En même temps que lui, plusieurs dizaines de petits Réunionnais furent ce jour-là arrachés à leur île. Les plus jeunes avaient 6 mois, les plus âgés, 20 ans. Ses quatre premières années, les plus belles, Jean-Jacques les passe chez un couple d’agriculteurs qui ne lui ménage pas son amour. Jusqu’au jour où un homme et une femme, les Barbey, se présentent à la ferme sous le prétexte de l’emmener aux sports d’hiver. Après des heures de route, il se retrouve à Saint-Vaast-la-Hougue, dans la presqu’île du Cotentin, sur la côte normande. Second arrachement. À l’école, il découvre sur ses cahiers un nom qui n’est pas le sien : "Barbey Jean-Jacques". Il fait contre mauvaise fortune bon coeur, car les Barbey, qui sont l’un et l’autre enseignants, se montrent très attentifs avec lui. Autant en profiter pour s’instruire… Trois ans plus tard, le couple se sépare, et Jean-Jacques est confié à son père adoptif, qui, assure-t-il, abusera par la suite régulièrement de lui. En dépit de ce lourd passif, Jean-Jacques apprend un métier (cuisinier), fonde une famille (il a deux enfants) et, en 2004, après trois tentatives infructueuses, réussit à récupérer son patronyme : Martial. Sa plus grande fierté, c’est d’avoir osé, en janvier 2002, assigner l’État français en justice pour "enlèvement et séquestration de mineur" et pour "rafle et déportation". Afin, dit-il, de "provoquer un choc", il réclame 1,5 milliard d’euros d’indemnité.

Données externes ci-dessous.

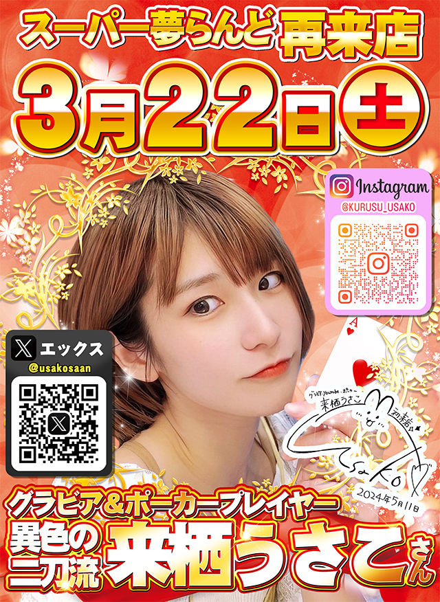3月22日(土)『来栖うさこ』さん実践来店予定!

Et c’est ainsi que fut révélé au grand jour le scandale des 1 600 enfants arrachés à leur île entre 1963 et 1981 afin de repeupler soixante-quatre départements français.

Toutes leurs histoires se ressemblent. Certains ont été adoptés, d’autres placés en foyer, d’autres encore soumis dans des fermes à un esclavage déguisé. Dans le sillage de celle de Jean-Jacques Martial, d’autres plaintes ont été déposées. Toutes ont été classées sans suite.

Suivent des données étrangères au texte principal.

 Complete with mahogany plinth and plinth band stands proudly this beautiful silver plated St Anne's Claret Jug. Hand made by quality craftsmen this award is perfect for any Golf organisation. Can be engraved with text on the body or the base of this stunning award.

Certains ont sombré dans la depression ou la délinquance, quand ils ne se sont pas suicidés

Arrivé le 6 septembre 1966 avec ses trois frères, dont il est vite séparé, Simon Apoi, aujourd’hui président de l’Association des Réunionnais de la Creuse, décrit un "véritable centre de tri" où les enfants étaient classés par catégories d’âge. "Il y avait de la demande ! Certains enfants arrivaient le soir au foyer et repartaient dès le lendemain", raconte-t-il.

Il est successivement placé dans deux familles d’accueil. À chaque fois, il fugue et se réfugie au foyer de Guéret. Au fil des années, il réussit néanmoins à maintenir un lien avec ses frères et soeurs, à décrocher un emploi et à fonder une famille. Il estime avoir eu de la chance. Car certains de ses camarades ont sombré dans la dépression ou la délinquance, quand ils ne se sont pas suicidés. Ceux qui ont survécu conservent la trace profonde de leur déracinement culturel et affectif.

Pour la députée Ericka Bareigts, ces "petits créoles", comme on les appelait dans la Creuse, verront donc, si la résolution est adoptée, leur tragédie inscrite dans l’histoire de France : "Le texte prévoit également une reconnaissance de la responsabilité morale de l’État français. Il s’agit de permettre aux Réunionnais de s’approprier cette période pour mieux panser leurs blessures et se projeter dans l’avenir. Pas d’instruire le procès de Michel Debré."

Cadre technico-commercial à la retraite, Michel Calteau, 63 ans, estime pour sa part qu’une simple reconnaissance morale ne suffit pas : "Si l’État est en infraction, estime-t-il, il faut des réparations à hauteur des préjudices subis." Le plus grave, dit-il, "c’est moins le fait de nous avoir fait venir ici que de nous avoir ensuite abandonnés à notre sort". Pour lui, les 10 % d’enfants qui ont fini par trouver leur place dans la société française ne doivent pas faire oublier les autres. À leur arrivée en métropole, les enfants souffraient de carences affectives graves, mais ils n’ont jamais rencontré de psychologues, sauf pour des tests d’orientation professionnelle. On a menti à des familles pour leur enlever leurs enfants. Calteau a été le premier à utiliser le terme de "déportation". Et il ne le renie pas.